Input for this task ->
= Beginning of Section =

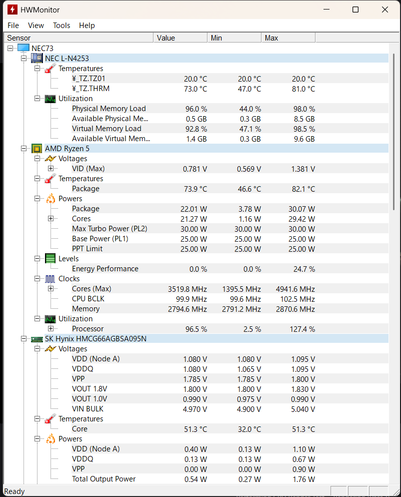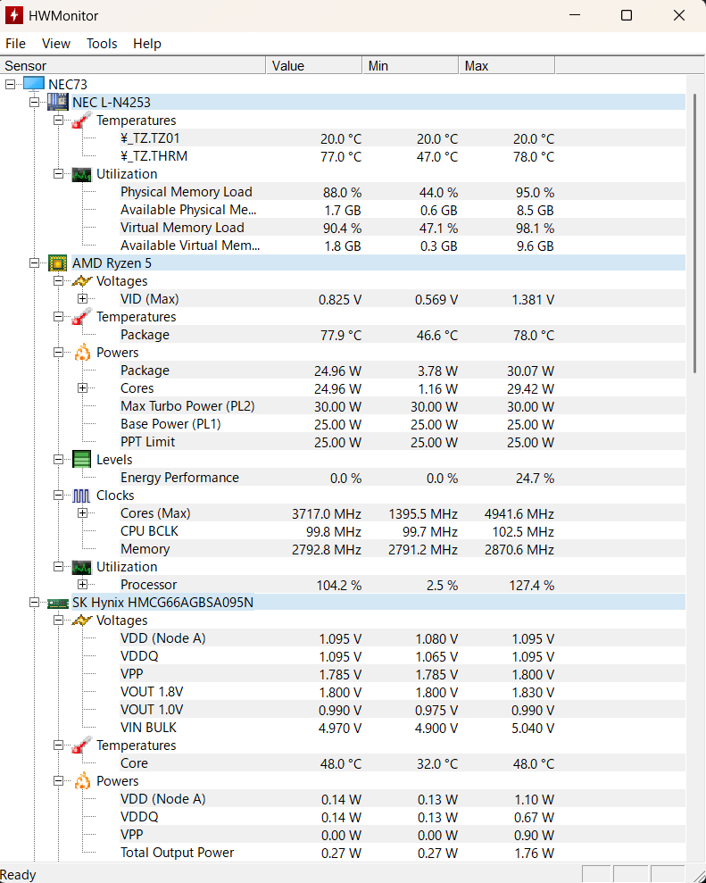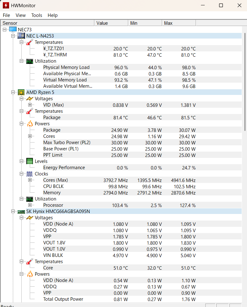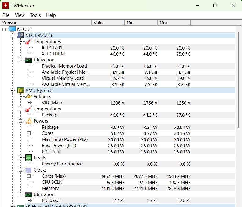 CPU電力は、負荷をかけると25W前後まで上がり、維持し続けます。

= End of Section =
= Beginning of Section =

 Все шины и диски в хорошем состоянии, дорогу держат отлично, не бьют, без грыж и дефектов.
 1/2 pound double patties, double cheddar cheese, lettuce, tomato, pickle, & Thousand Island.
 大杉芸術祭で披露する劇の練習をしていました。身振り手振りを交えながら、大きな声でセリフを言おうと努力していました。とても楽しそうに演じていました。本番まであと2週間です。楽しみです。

= End of Section =
= Beginning of Section =

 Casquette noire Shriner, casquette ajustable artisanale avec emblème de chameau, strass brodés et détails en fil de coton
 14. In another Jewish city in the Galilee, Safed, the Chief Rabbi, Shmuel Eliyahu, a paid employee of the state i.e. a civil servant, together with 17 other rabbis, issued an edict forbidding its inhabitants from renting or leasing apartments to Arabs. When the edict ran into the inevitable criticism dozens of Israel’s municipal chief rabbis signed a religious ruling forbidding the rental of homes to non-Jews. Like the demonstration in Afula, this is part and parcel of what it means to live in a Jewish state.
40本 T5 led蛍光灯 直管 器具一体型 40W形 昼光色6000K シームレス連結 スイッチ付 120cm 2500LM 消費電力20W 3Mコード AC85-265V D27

= End of Section =

Assigned task -> All lines above from the one holding "Casquette noire Shriner, casquette" to the one holding "40本 T5 led蛍光灯", inclusive, are to be copied exactly; no other line is wanted.

Reply ->
 Casquette noire Shriner, casquette ajustable artisanale avec emblème de chameau, strass brodés et détails en fil de coton
 14. In another Jewish city in the Galilee, Safed, the Chief Rabbi, Shmuel Eliyahu, a paid employee of the state i.e. a civil servant, together with 17 other rabbis, issued an edict forbidding its inhabitants from renting or leasing apartments to Arabs. When the edict ran into the inevitable criticism dozens of Israel’s municipal chief rabbis signed a religious ruling forbidding the rental of homes to non-Jews. Like the demonstration in Afula, this is part and parcel of what it means to live in a Jewish state.
40本 T5 led蛍光灯 直管 器具一体型 40W形 昼光色6000K シームレス連結 スイッチ付 120cm 2500LM 消費電力20W 3Mコード AC85-265V D27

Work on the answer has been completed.